#### What to work on:
Beginning with the line that includes "Home Bain Paniers" and ending with the last line of the entries below, set down each line exactly; include no pictures.

■ ■ ■ ■ ■ ■ ■

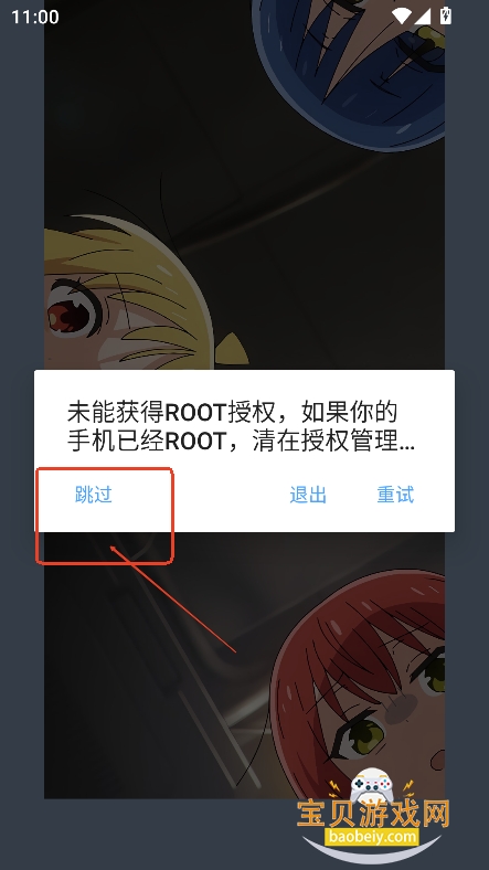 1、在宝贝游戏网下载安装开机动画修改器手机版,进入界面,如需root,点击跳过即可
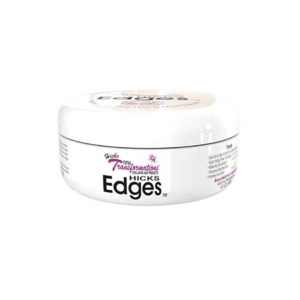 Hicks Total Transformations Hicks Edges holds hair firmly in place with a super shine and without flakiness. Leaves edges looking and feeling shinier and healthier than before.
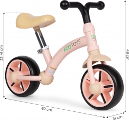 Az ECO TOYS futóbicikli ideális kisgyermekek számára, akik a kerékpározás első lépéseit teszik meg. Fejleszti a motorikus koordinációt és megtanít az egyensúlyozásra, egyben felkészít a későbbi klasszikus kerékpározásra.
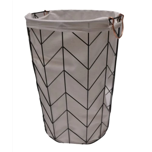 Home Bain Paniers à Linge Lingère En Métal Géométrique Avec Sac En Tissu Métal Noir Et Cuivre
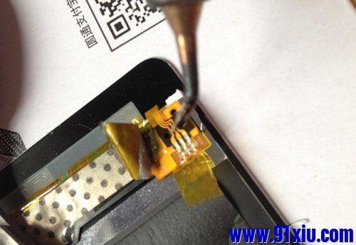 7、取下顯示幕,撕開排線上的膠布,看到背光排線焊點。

■ ■ ■ ■ ■ ■ ■

#### Written reply:
 Home Bain Paniers à Linge Lingère En Métal Géométrique Avec Sac En Tissu Métal Noir Et Cuivre
 7、取下顯示幕,撕開排線上的膠布,看到背光排線焊點。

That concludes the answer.